**WHAT IS EXPECTED:** Could you retype, exactly and with no pictures, only the lines from the first line of the records below through the line that contains "y = np.exp(-0.5"?

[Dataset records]
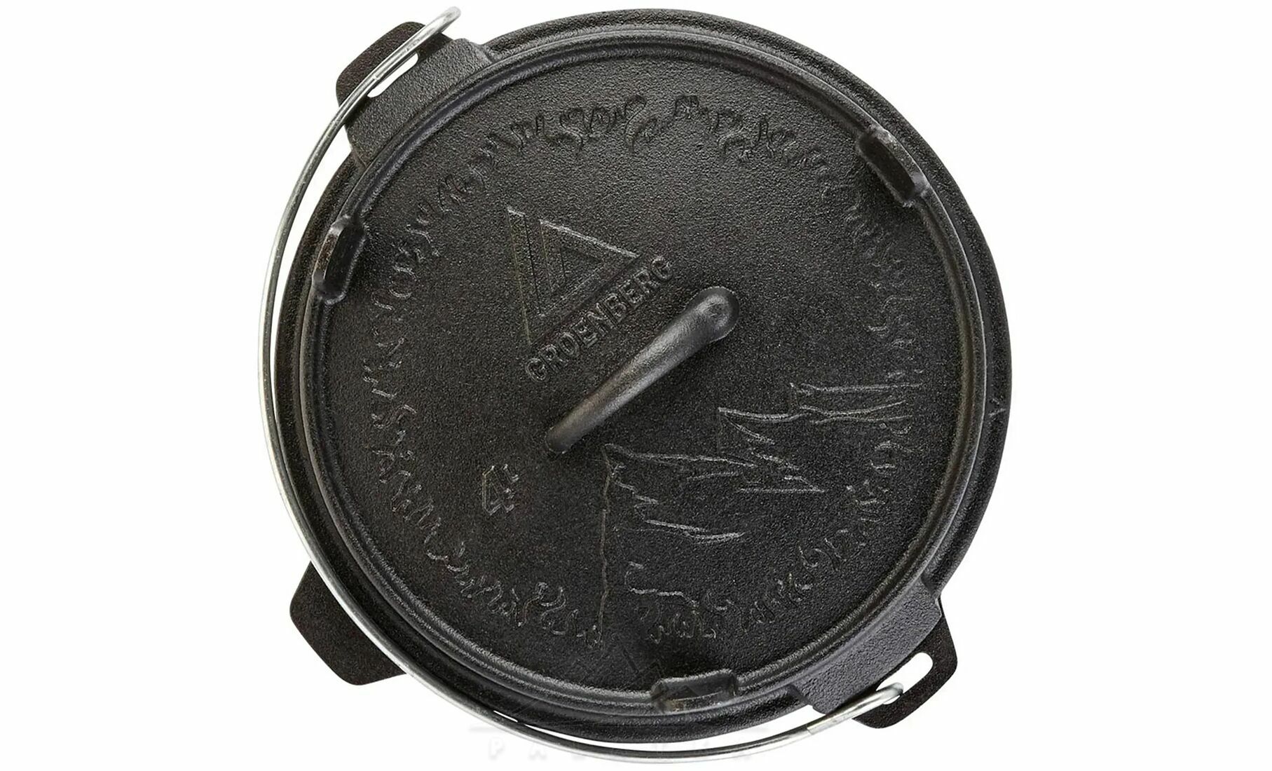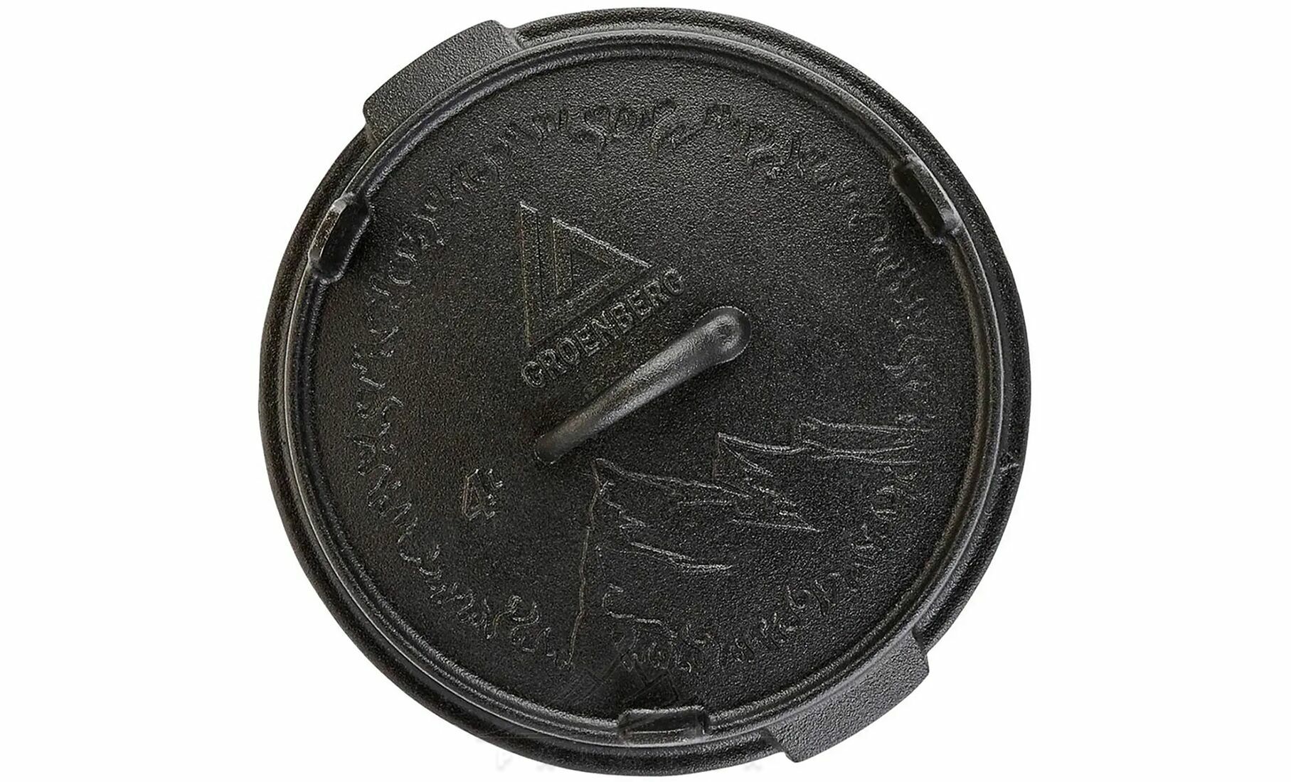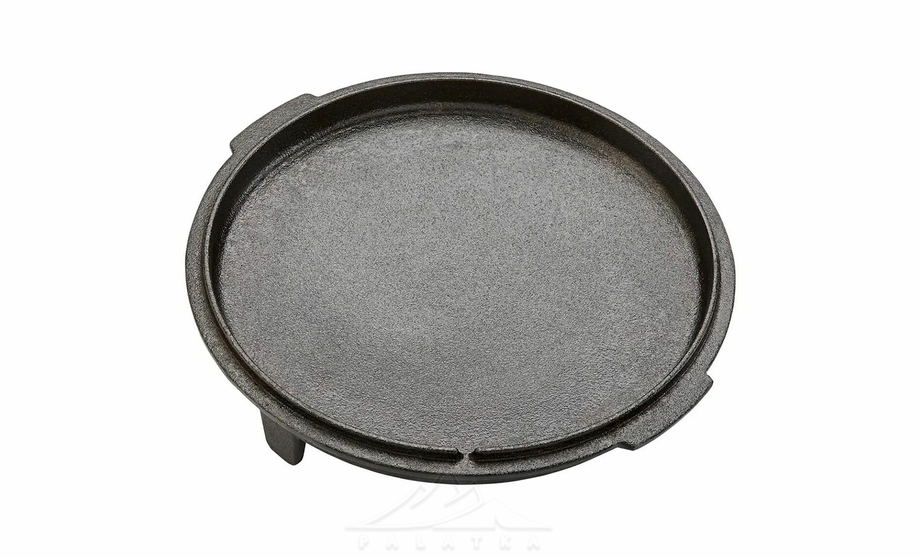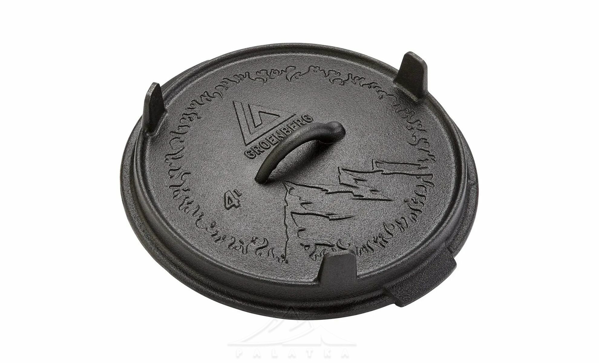 • Функціональна кришка з ніжками, що використовується як сковорідка або сервірувальна тарілка, та забезпечує стійке встановлення прямо на вогнищі або вугіллі.
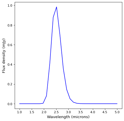 y = np.exp(-0.5 * (x - 2.5 * u.micron)**2 / (200 * u.nm)**2) * u.mJy
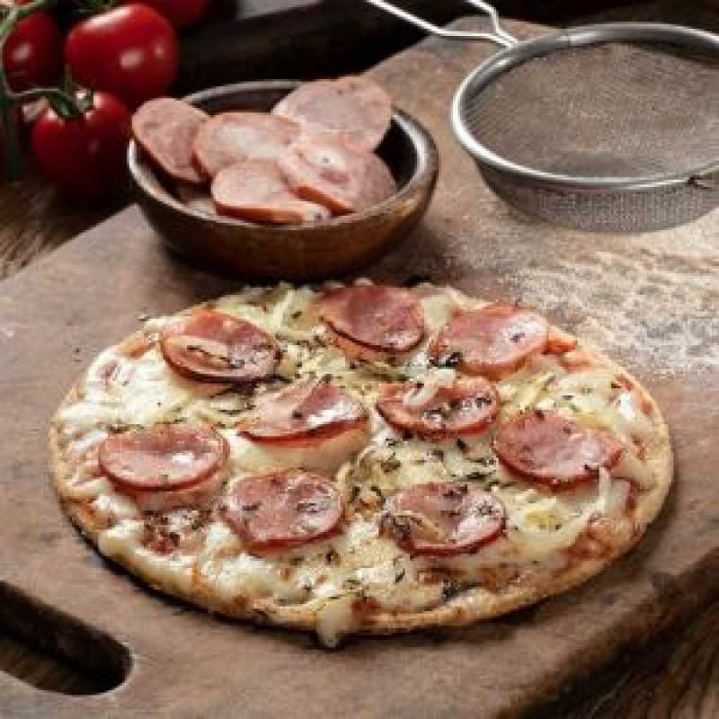 A Pizza Fit de Calabresa é feita com massa artesanal de batata-doce e farinha 100% integral, coberta com mussarela, linguiça calabresa, cebola e orégano. Não precisa descongelar! Uma refeição muito prática, você pode preparar no forno, frigideira ou air fryer em questão de minutos. Isso sem deixar de lado a saúde e a dieta. Experimente também: Pizza Fit de Três Queijos, Pizza Fit de Marguerita, Pizza Fit de Frango com Requeijão, entre outras.
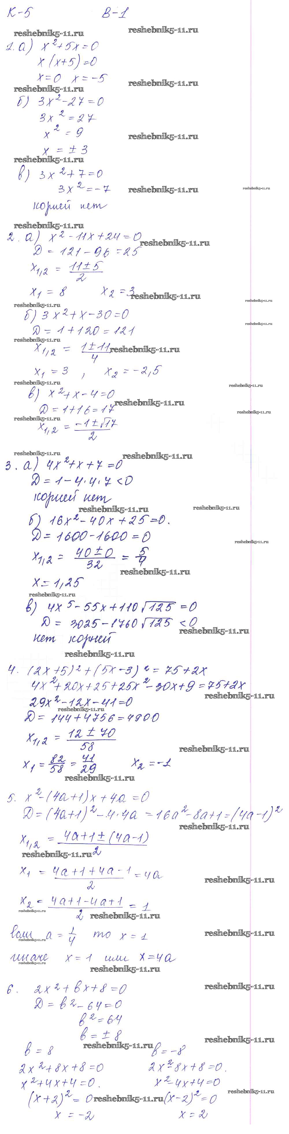 Готовая домашняя работа с ответами по Алгебре за 8 класс Звавич, Дьяконова Дидактические материалы УМК Экзамен 2015 ФГОС - КР-5. Квадратные уравнения Вариант 1
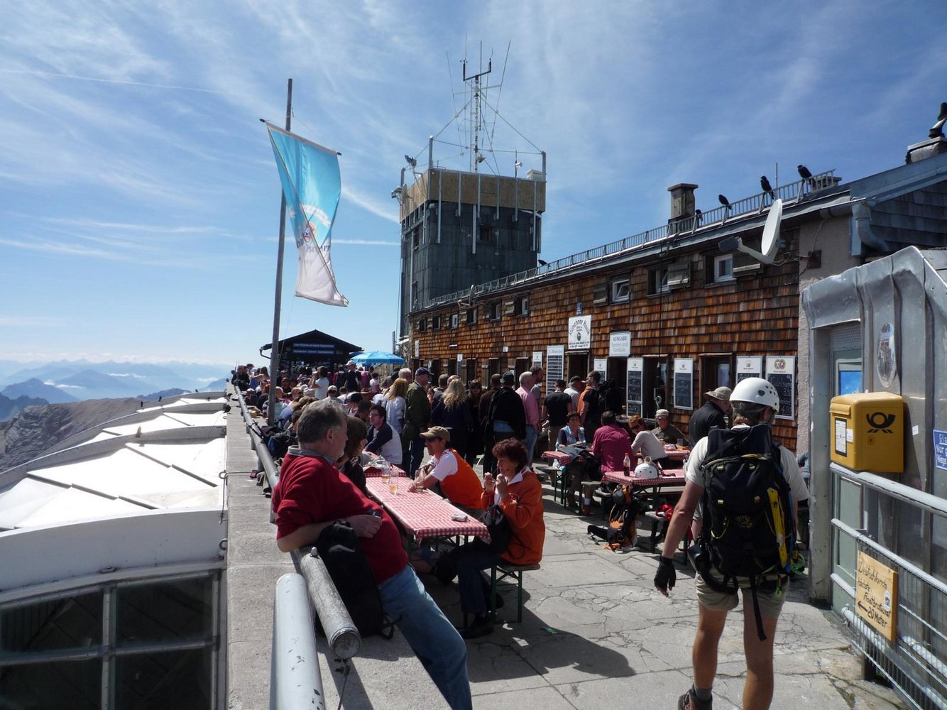 In der Regel fährt man mit der Zugspitzbahn hinunter zum Eibsee und mit der Bahn zurück nach Hammersbach. Hartgesottene und konditionsstarke Geher steigen über den Stopselzieher- Klettersteig zur Wr. Neustädterhütte, von dieser geht es dann zurück zum Eibsee – 2200 Hm Abstieg (siehe bei Tour Stopselzieher)!

**RESPONSE BELOW:**
 • Функціональна кришка з ніжками, що використовується як сковорідка або сервірувальна тарілка, та забезпечує стійке встановлення прямо на вогнищі або вугіллі.
 y = np.exp(-0.5 * (x - 2.5 * u.micron)**2 / (200 * u.nm)**2) * u.mJy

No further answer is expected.